In [1]:
from keras.datasets import cifar10
import random
from keras.utils import to_categorical
from keras.utils.data_utils import get_file
import numpy as np

Using TensorFlow backend.


In [2]:
data_path = get_file('cifar10_samples.npz',
            'https://github.com/jcborges/DeepStack/releases/download/Cifar10/cifar10_samples.npz')
data = np.load(data_path)
x_train, y_train, x_val, y_val = [item[1] for item in data.items()]

In [3]:
import keras
from keras.utils.data_utils import get_file

#Source Code: https://github.com/jcborges/DeepStack/releases/download/Cifar10/cifar10SimpleCNN.h5
model_path1 = get_file('cifar10SimpleCNN.h5',
            'https://github.com/jcborges/DeepStack/releases/download/Cifar10/cifar10SimpleCNN.h5')
model1 = keras.models.load_model(model_path1)

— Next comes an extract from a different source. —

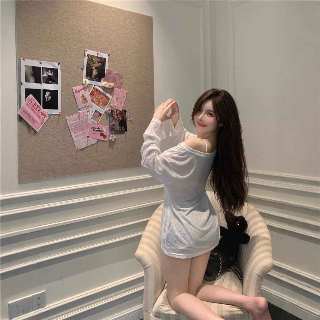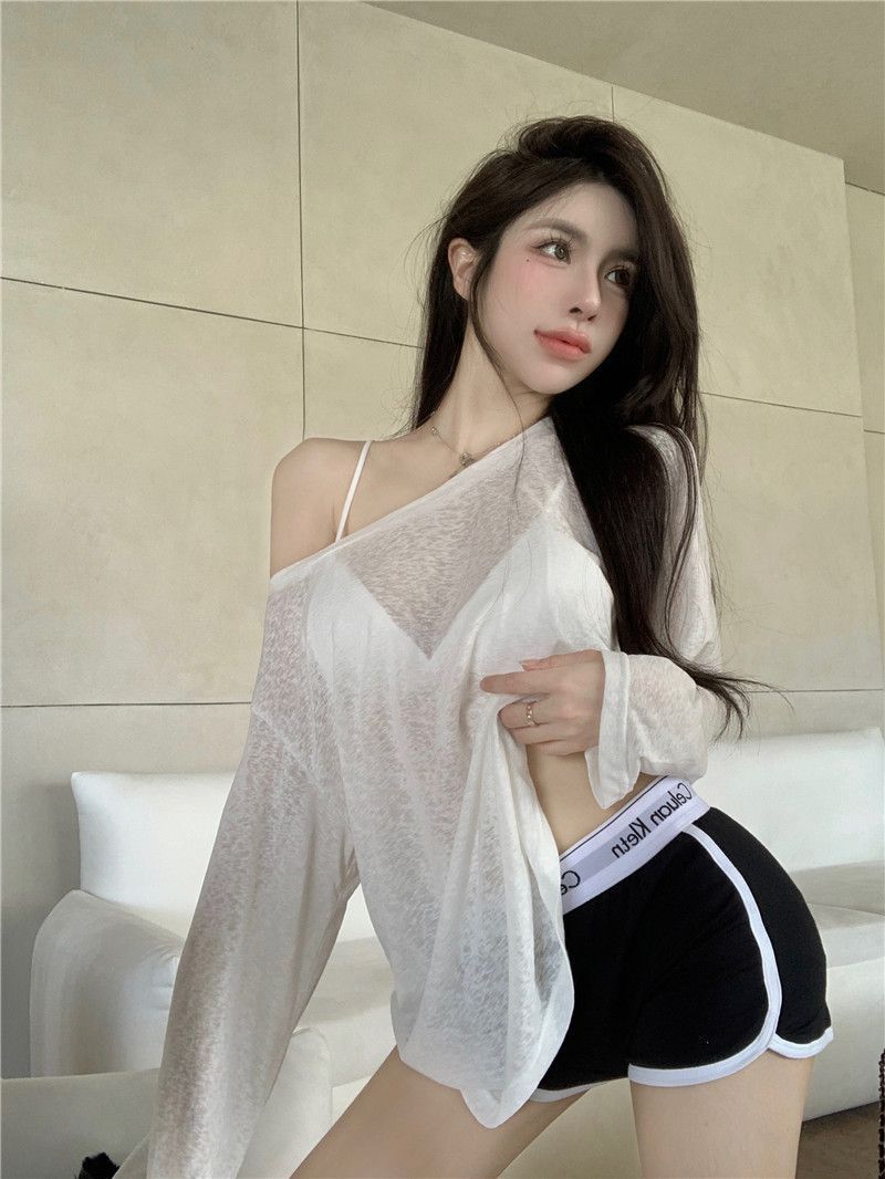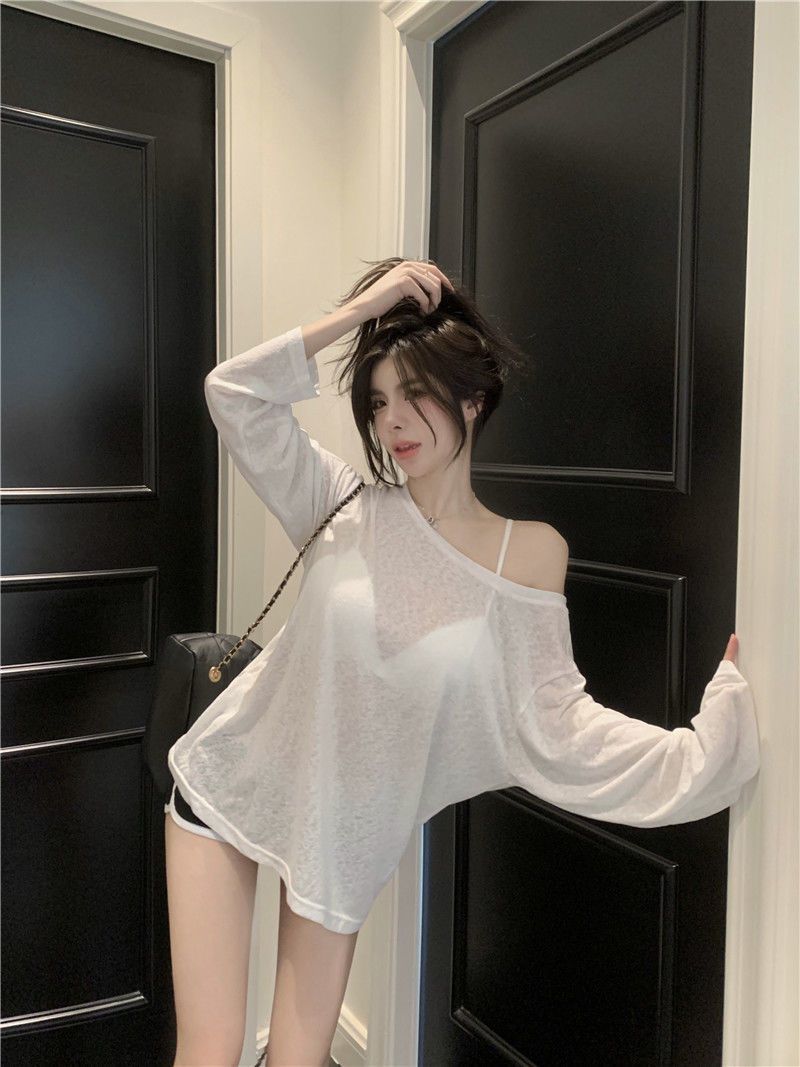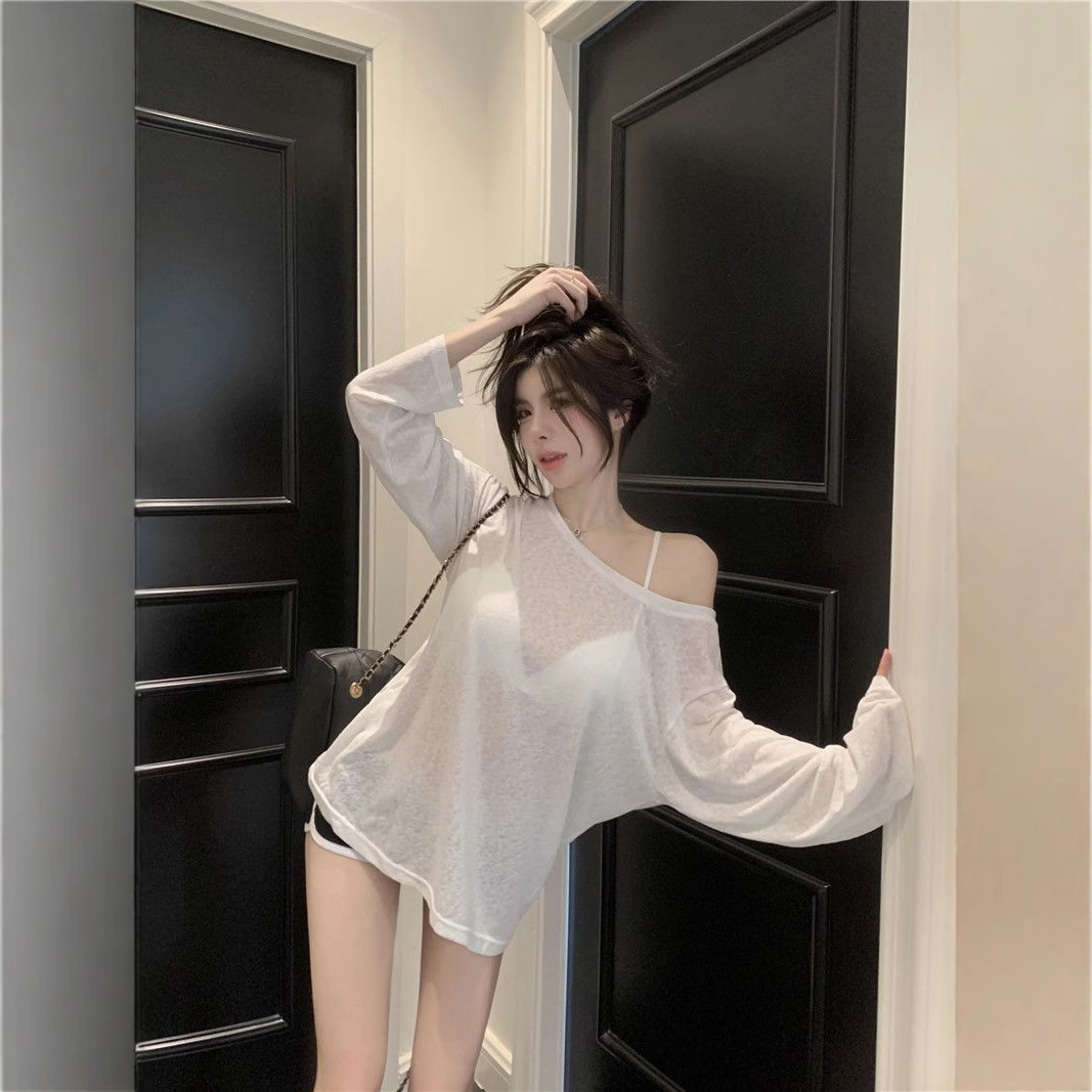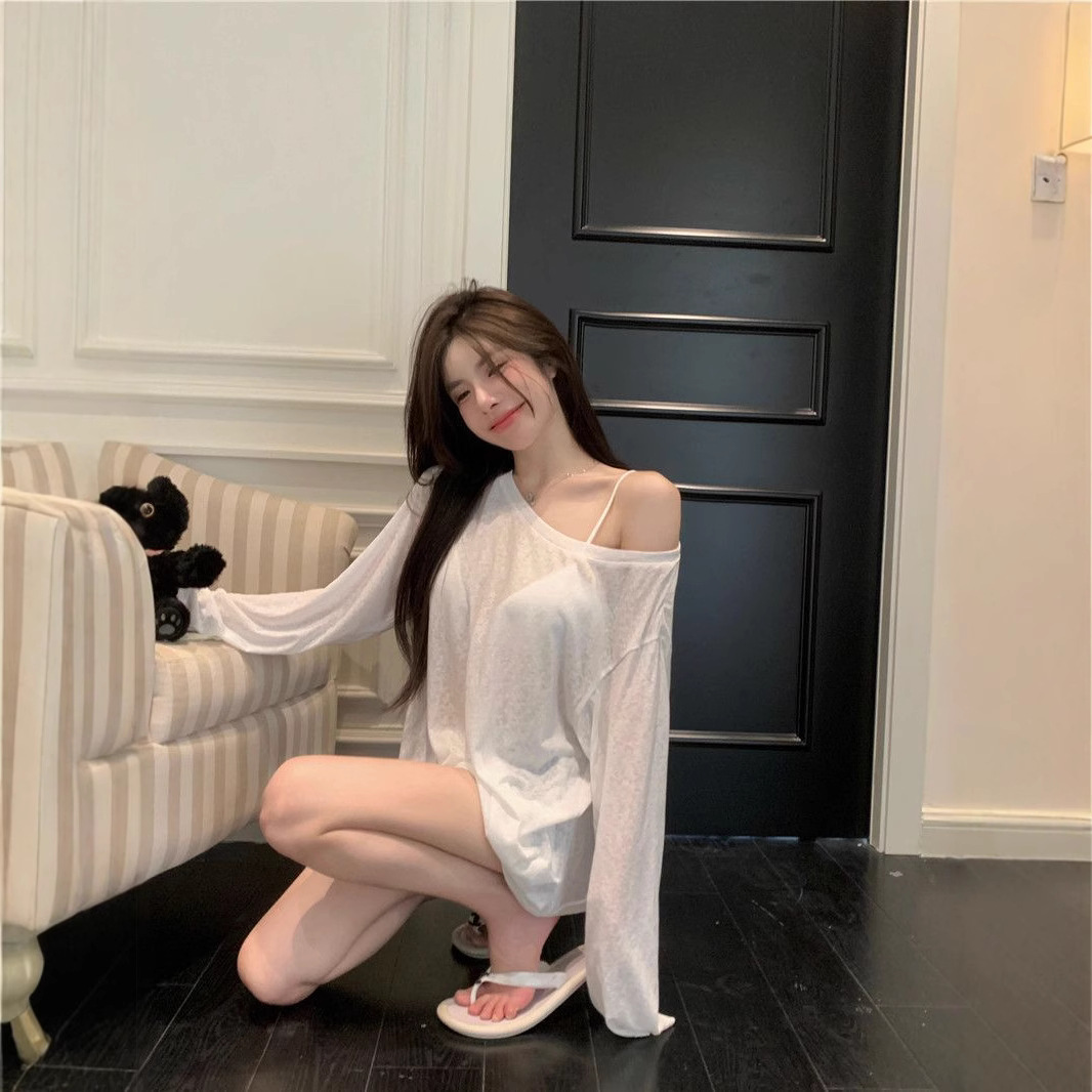Loose-fitting UV-protective Ice-silk Long-sleeve T-shirt For Sun Protection

#Source Code: https://github.com/jcborges/DeepStack/releases/download/Cifar10/cifar10SimpleCNN2.py
model_path2 = get_file('cifar10SimpleCNN2.h5',
            'https://github.com/jcborges/DeepStack/releases/download/Cifar10/cifar10SimpleCNN2.h5')
model2 = keras.models.load_model(model_path2)

#Source Code: https://github.com/jcborges/DeepStack/releases/download/Cifar10/cifar10keras.py
model_path3 = get_file('cifar10keras.h5',
            'https://github.com/jcborges/DeepStack/releases/download/Cifar10/cifar10keras.h5')
model3 = keras.models.load_model(model_path3)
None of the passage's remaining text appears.